While there had clearly been a disappointing setback on the Palestinian side, Washington was losing patience with both sides. Moreover, as the initial, sweeping success of the Iraq invasion turned to ashes, accusations proliferated that somehow Israel or its sympathizers in America had dragged the administration into the war. Yasser Arafat was one of the earliest to charge that Israel actively “incited” in favor of war against Iraq.12
It was a charge echoed at the time both on the right and on the left of American politics. Bill Keller of The New York Times ridiculed it. “A less conspiracy-minded observer,” he wrote, “might point out that the long-standing Bushite animosity toward Iraq is complex and hardly secret, and the f
act that our interests coincide with Israel’s does not mean that a Zionist fifth column has hijacked the president’s brain … What is demonstrably true is that Israelis believe that the war in Iraq is—to use a phrase that is a staple of Jewish satire—good for the Jews.”13 But as the postwar occupation of Iraq went from bad to worse, the innuendo began to hurt. The strategic fallout, moreover, looked less good for the Jews in Israeli eyes. The Mossad feared that terror operatives now streaming to Iraq from all over the Middle East would, in time, filter into Jordan and Lebanon and join the Palestinian intifada against Israel.

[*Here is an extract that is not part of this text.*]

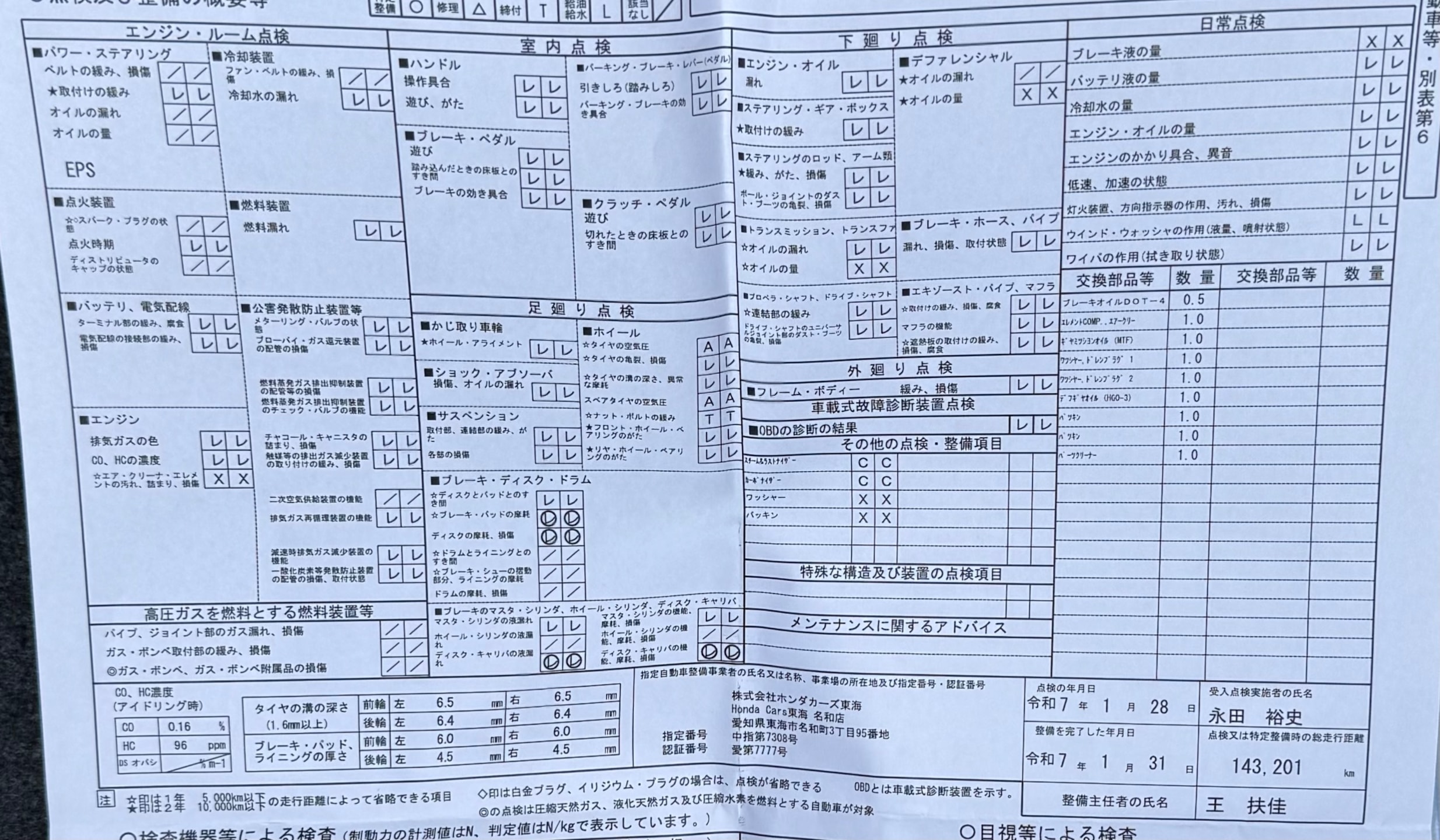 | エンジンオイルの状態 | R7/1 交換済み(143201km時) |

The gathering gloom on the diplomatic front was exacerbated by another turn for the worse in Israel’s economic woes. Netanyahu’s tough medicine earlier in the year was not working yet; another dose was needed. Many families were hurting badly. People who had managed in the past to keep their heads above water, just, now found themselves slipping into real poverty as vital welfare subsidies for children, for old people, for single mothers, for the unemployed, were all slashed. A single mother from the small Negev town of Mitzpe Ramon, Vikki Knafo, caught the national mood when she struck out, in the blazing heat of July, on a long, lonely march to the capital to protest her inability to provide for her three young children. By the time she arrived, she had become an icon. Some six hundred other single mothers joined her in a tent encampment outside the Finance Ministry. Netanyahu refused to meet her. But his advisers were seriously worried over the image of heartlessness that her protest was tarring him with. Inevitably, it rubbed off on Sharon, too. His poll figures and those of the government began to slide.
“When sorrows come,” as Sharon the ardent theatergoer must have heard more than once from King Claudius, “they come not single spies but in battalions.” While the wiliness of Arafat, the weakness of Abu Mazen, and the troubles of the economy were all known or predictable challenges, he now ran into a flurry of awkward and unexpected episodes that sapped his public standing. That pattern was not starkly clear at the time as events moved along in their ragged way. It has been reconstructed subsequently, perhaps too obsessively, by commentators seeking the key to Sharon’s cataclysmic move at year’s end that suddenly changed everything.